[Records from a data collection]
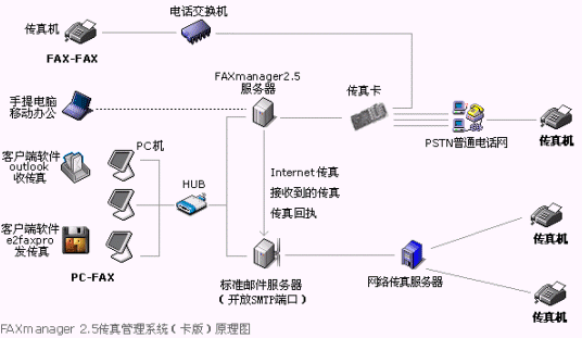 FAXmanager 2.5傳真管理系統(tǒng)安裝在局域網(wǎng)的一臺專用服務器上,運行環(huán)境可以是:Windows98/NT/2000/XP等,此服務器可以同郵件服務器為同一臺機器,構(gòu)成企業(yè)郵件/傳真專用服務器,F(xiàn)AXmanager 2.5可以和企業(yè)郵件系統(tǒng)或群件系統(tǒng)整合使用,可以是Unix/Linux環(huán)境的Qmail和Sendmail等郵件系統(tǒng),也可以是Microsoft Exchange和Lotus Domino/Notes等群件系統(tǒng),當然也可以是IComMail等企業(yè)郵件系統(tǒng),也支持虛擬主機設置企業(yè)郵局開設POP3帳戶和上網(wǎng)代理服務器的使用環(huán)境。
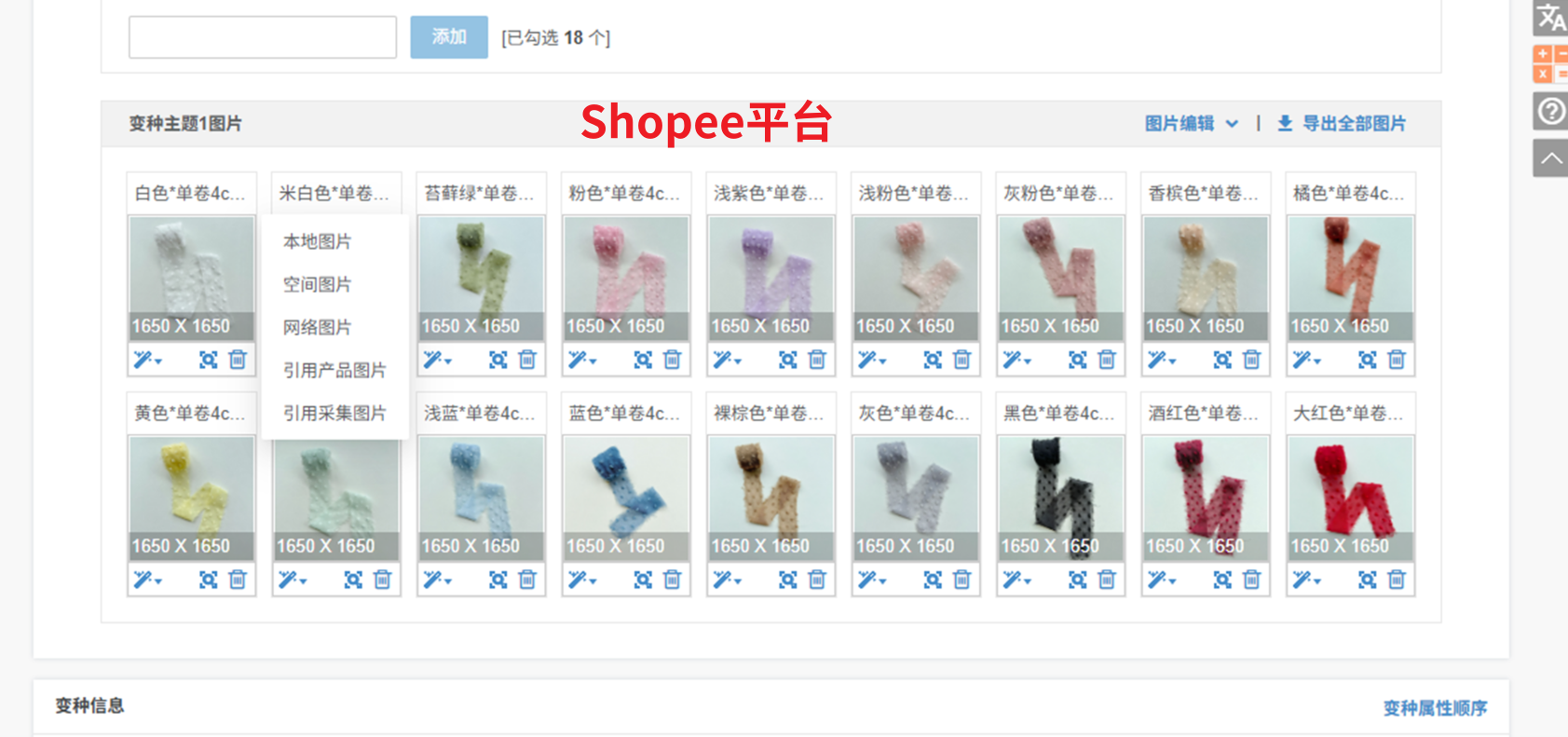 Q5:采集产品认领到Shopee平台有显示变种图片,但认领到产品开发却不显示?
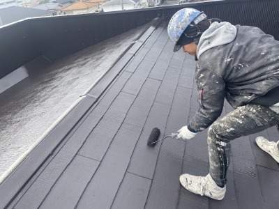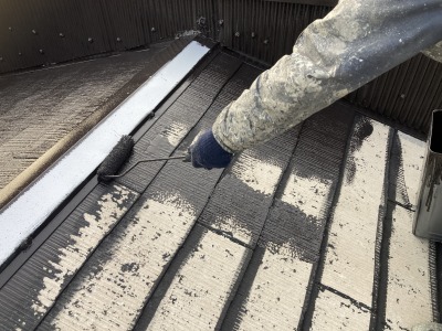 ローラーで丁寧に塗り重ねることで、屋根材の凹凸部分までしっかり塗料を行き渡らせます。
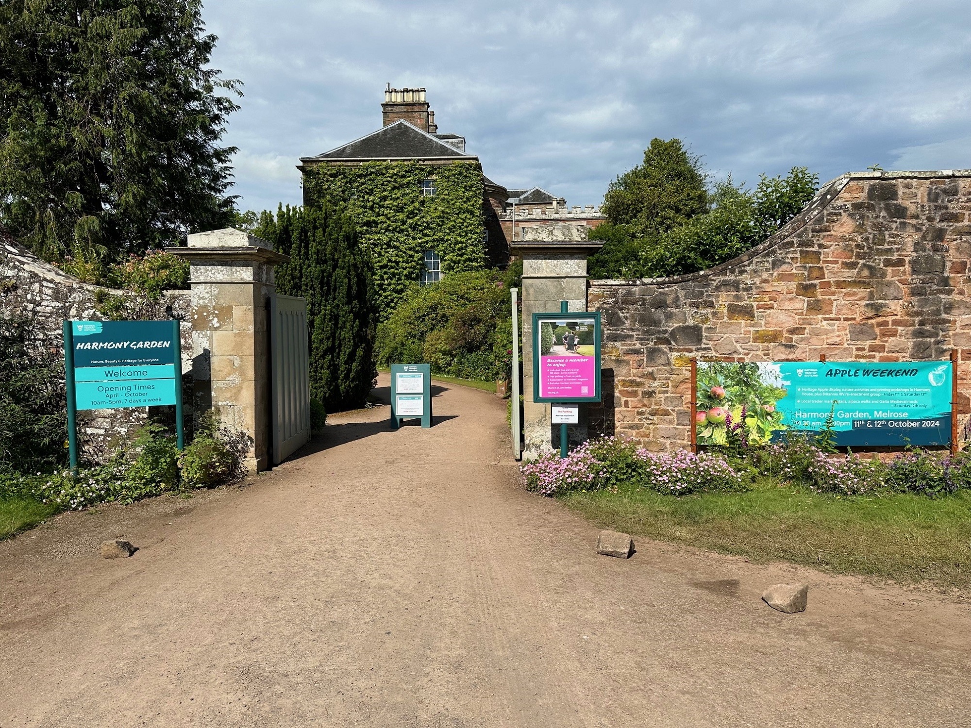 Harmony and its grounds are thought to lie within the western cloister of the 12th-century Melrose Abbey. The garden now comprises approximately 1.5 hectares of ornamental and vegetable garden ground.
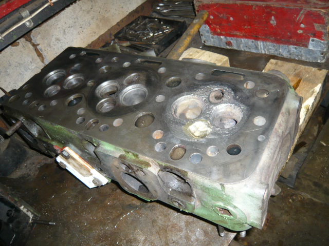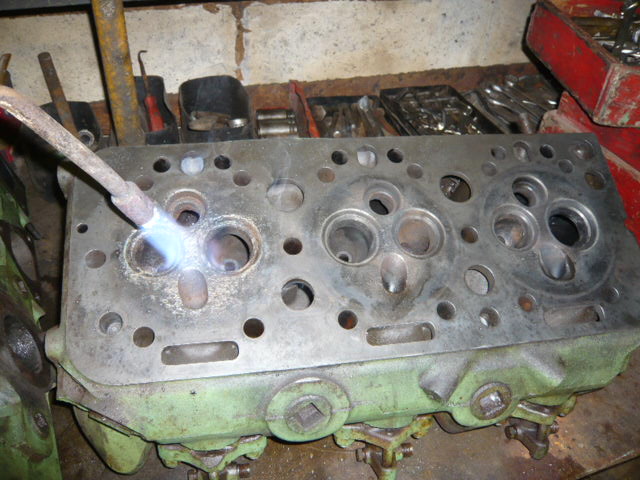 I WAS UNABLE TO GET ONE OF THE DECOMPRESSION VALVES TO SEAT SO I WELDED IT SHUT. THESE HEADS ARE ONLY TEMPORARY TO GET "DUALLY" UP AND RUNNING TO SEE WHAT OTHER SURPRISES AWAIT ME. WITH THE VALVE WELDED, I THEN DID A WATER TEST TO SEE IF THE WELD LEAKS. (THE HEAD IS FILLED WITH WATER BUT YOU CAN'T SEE THAT IN THE PICTURE, NEXT TIME I'LL ADD FOOD COLOURING TO THE WATER SO IT SHOWS UP BETTER.)
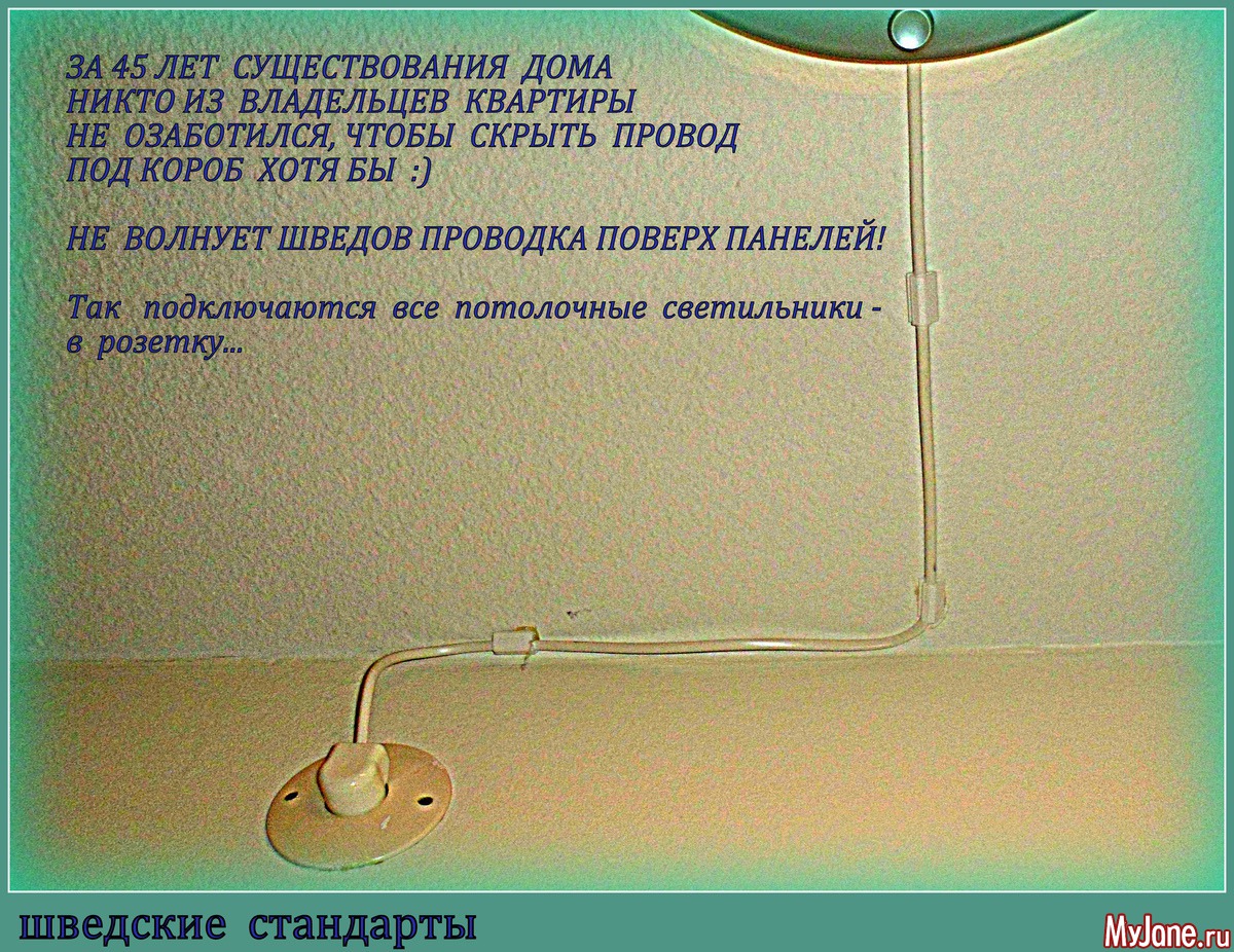 Сейчас продемонстрирую как тут прокладывают провода от потолочных светильников:
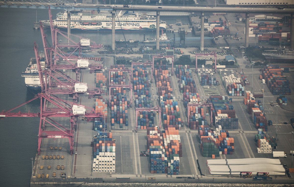 11월까지 올해 누적 수출이 6402억 달러로 집계되면서 역대 최대 실적을 3년 만에 경신했고 올 수출 목표치인 7000억 달러 달성도 청신호가 켜졌다. 경기 평택항에 수출용 컨테이너들이 쌓여 있다. 뉴시스
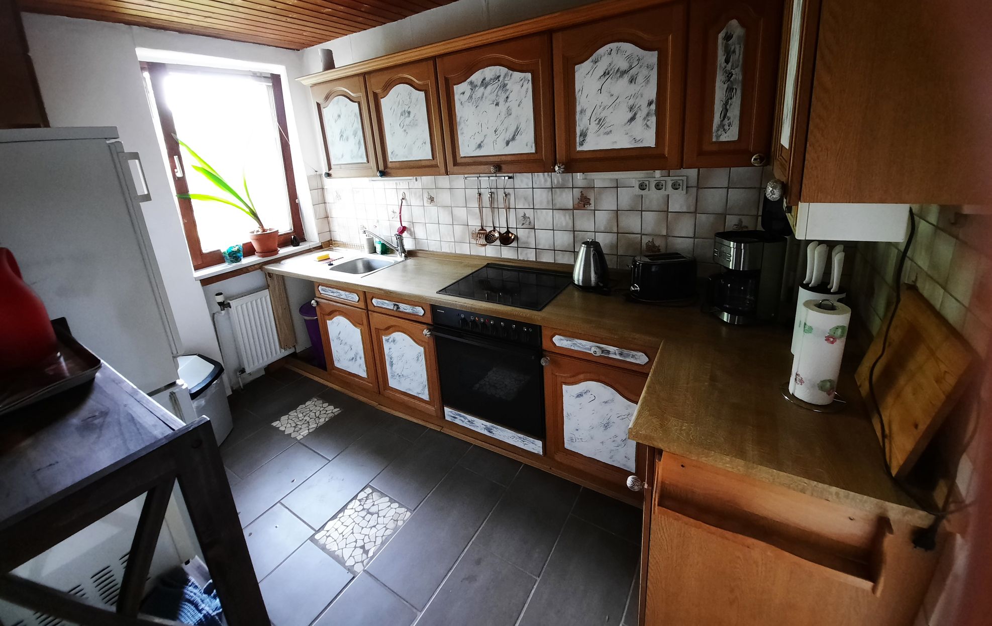 Küche mit 4-Platten-Elektroherd mit Backofen, Kühlschrank, Gefrierschrank, Mikrowelle, Toaster, Wasserkocher, Kaffeemaschine sowie komplette Geschirr- und Kochausstattung für mindestens 6 Personen.
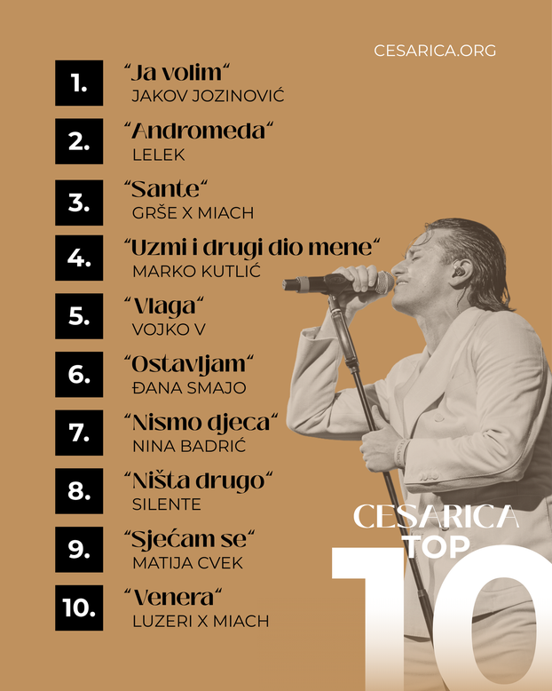 Glazbena nagrada Cesarica, koja već godinama prati i nagrađuje najuspješnije domaće pjesme, autore i izvođače, ulazi u novu fazu razvoja i odmah donosi prve naznake kako će izgledati utrka za Hit 2026. godine! Kroz osvježeni model praćenja uspješnosti pjesama, objavljen je prvi Cesarica Top 10 za razdoblje od siječnja do ožujka, koji otkriva koje su pjesme obilježile početak godine – ali i koje su već sada u ozbiljnoj konkurenciji za najveći hit 2026.
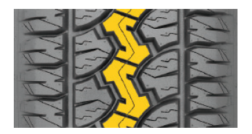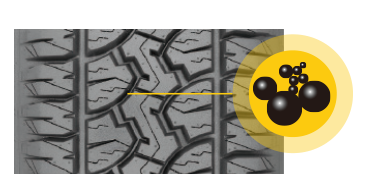含更多天然胶的特殊胎面配方 , 花纹块弹性大韧性强,更耐扎, 更耐磨
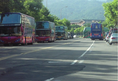 社區前停車位改為機車位需再研議,是劃給社區居民使用還是給飯店方便真的很難辦.龍埔國小9月快開學了,側門應該就在我們社區對面,學童面臨的是人行道的機車.馬路上的遊覽車和其排放的廢氣及每天來自不同地方的遊客.
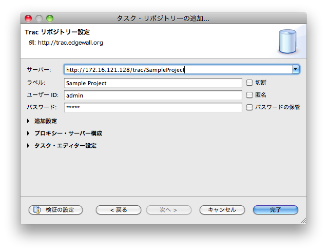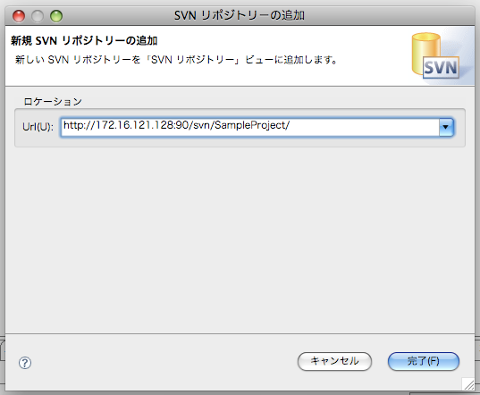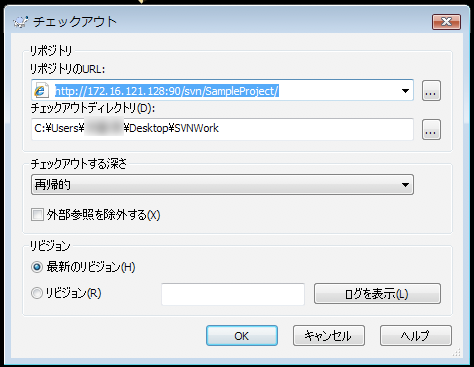 3. ソースが格納されている SVN レポジトリを指定する (ユーザ名とパスワードを設定する)
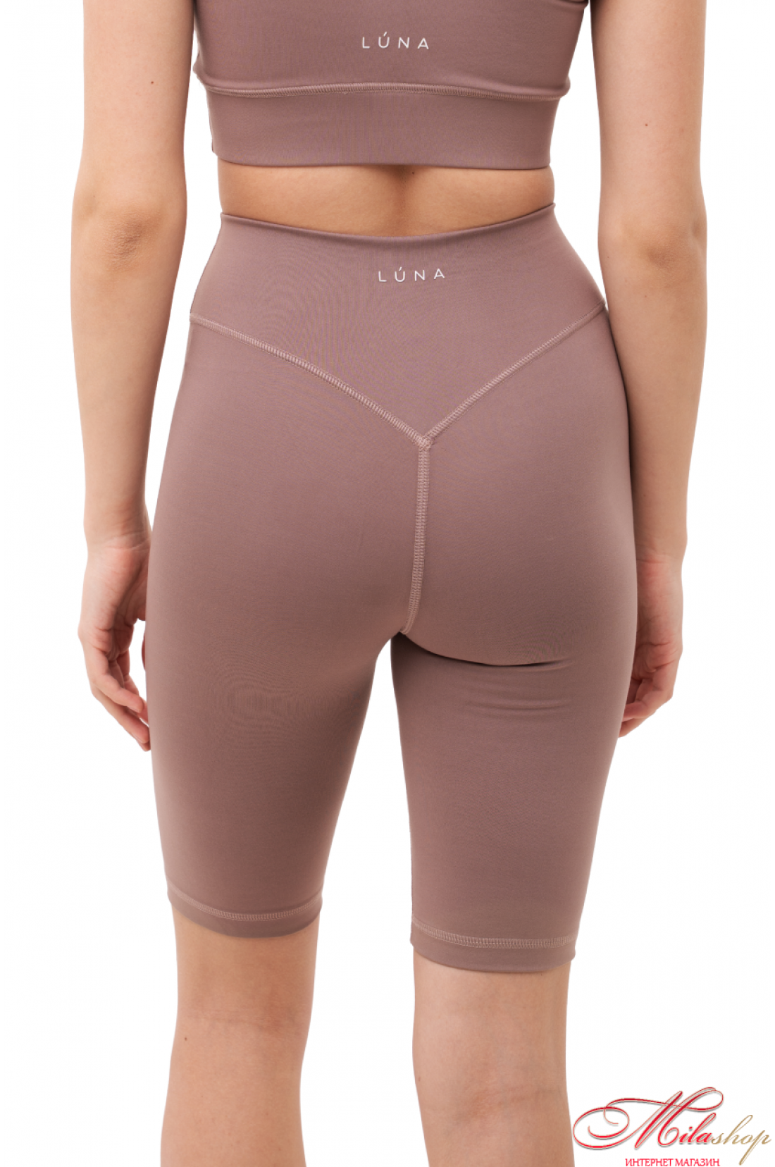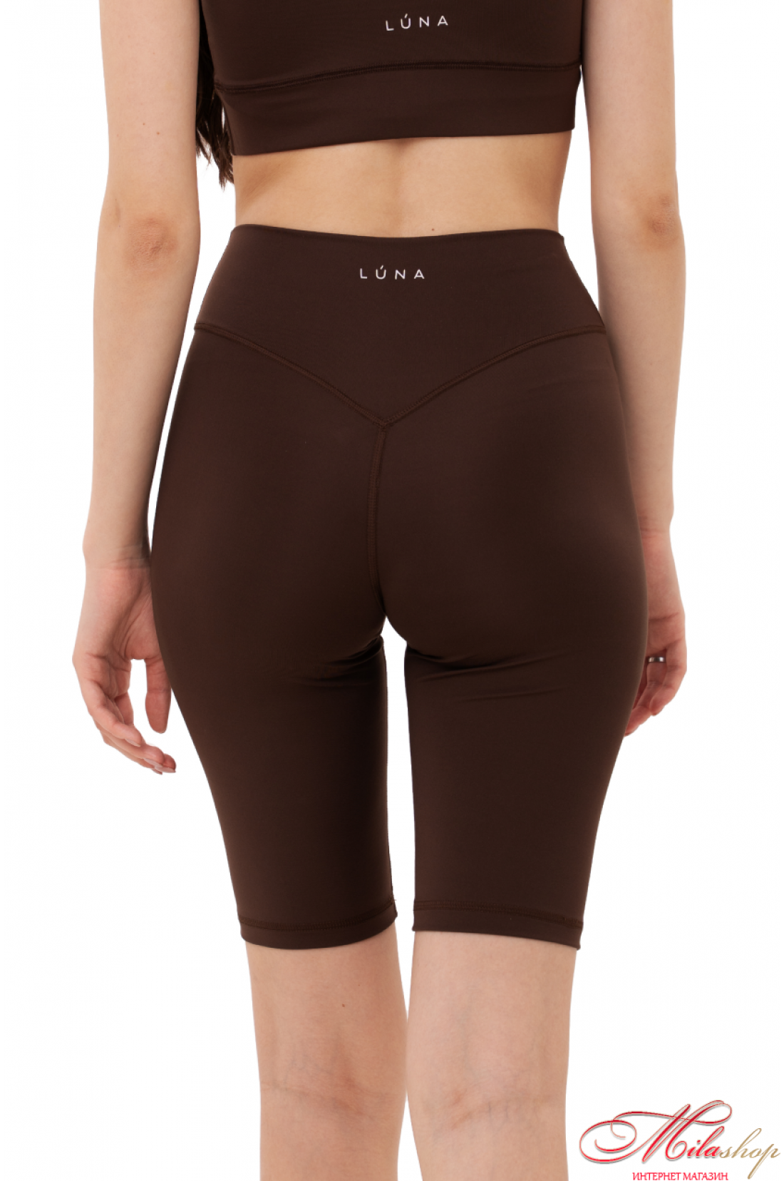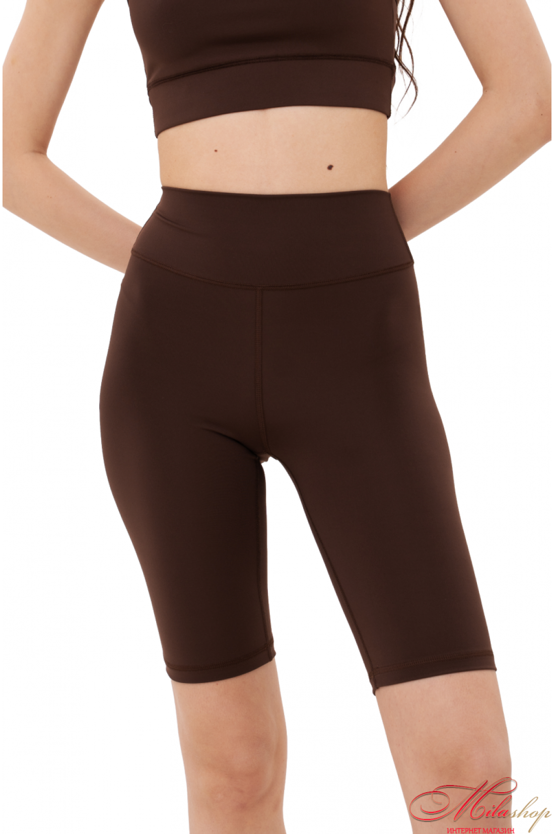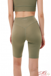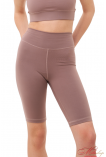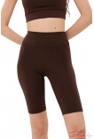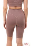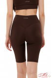 Велосипедки классического кроя, с отрезной кокеткой, имеющей V-образную ворму по спинке, и подчеркивает ягодичную форму. По центру кокентки спинки – брендирование. Длина велосипедов до колена. Ткань - бифлекс, хорошо тянется, имеет гладкую фактуру, цвет капучино имеет большую плотность, но меньше тянется, это учтено в лекалах. Состав ткани – 100% polyester.

Exercise: Your output should be only the lines from the line with "ローラーで丁寧に塗り重ねるこ" through the end of the data, exactly as they stand, and no pictures.

Solved problem:
 ローラーで丁寧に塗り重ねることで、屋根材の凹凸部分までしっかり塗料を行き渡らせます。
 Harmony and its grounds are thought to lie within the western cloister of the 12th-century Melrose Abbey. The garden now comprises approximately 1.5 hectares of ornamental and vegetable garden ground.
 I WAS UNABLE TO GET ONE OF THE DECOMPRESSION VALVES TO SEAT SO I WELDED IT SHUT. THESE HEADS ARE ONLY TEMPORARY TO GET "DUALLY" UP AND RUNNING TO SEE WHAT OTHER SURPRISES AWAIT ME. WITH THE VALVE WELDED, I THEN DID A WATER TEST TO SEE IF THE WELD LEAKS. (THE HEAD IS FILLED WITH WATER BUT YOU CAN'T SEE THAT IN THE PICTURE, NEXT TIME I'LL ADD FOOD COLOURING TO THE WATER SO IT SHOWS UP BETTER.)
 Сейчас продемонстрирую как тут прокладывают провода от потолочных светильников:
 11월까지 올해 누적 수출이 6402억 달러로 집계되면서 역대 최대 실적을 3년 만에 경신했고 올 수출 목표치인 7000억 달러 달성도 청신호가 켜졌다. 경기 평택항에 수출용 컨테이너들이 쌓여 있다. 뉴시스
 Küche mit 4-Platten-Elektroherd mit Backofen, Kühlschrank, Gefrierschrank, Mikrowelle, Toaster, Wasserkocher, Kaffeemaschine sowie komplette Geschirr- und Kochausstattung für mindestens 6 Personen.
 Glazbena nagrada Cesarica, koja već godinama prati i nagrađuje najuspješnije domaće pjesme, autore i izvođače, ulazi u novu fazu razvoja i odmah donosi prve naznake kako će izgledati utrka za Hit 2026. godine! Kroz osvježeni model praćenja uspješnosti pjesama, objavljen je prvi Cesarica Top 10 za razdoblje od siječnja do ožujka, koji otkriva koje su pjesme obilježile početak godine – ali i koje su već sada u ozbiljnoj konkurenciji za najveći hit 2026.
含更多天然胶的特殊胎面配方 , 花纹块弹性大韧性强,更耐扎, 更耐磨
 社區前停車位改為機車位需再研議,是劃給社區居民使用還是給飯店方便真的很難辦.龍埔國小9月快開學了,側門應該就在我們社區對面,學童面臨的是人行道的機車.馬路上的遊覽車和其排放的廢氣及每天來自不同地方的遊客.
 3. ソースが格納されている SVN レポジトリを指定する (ユーザ名とパスワードを設定する)
 Велосипедки классического кроя, с отрезной кокеткой, имеющей V-образную ворму по спинке, и подчеркивает ягодичную форму. По центру кокентки спинки – брендирование. Длина велосипедов до колена. Ткань - бифлекс, хорошо тянется, имеет гладкую фактуру, цвет капучино имеет большую плотность, но меньше тянется, это учтено в лекалах. Состав ткани – 100% polyester.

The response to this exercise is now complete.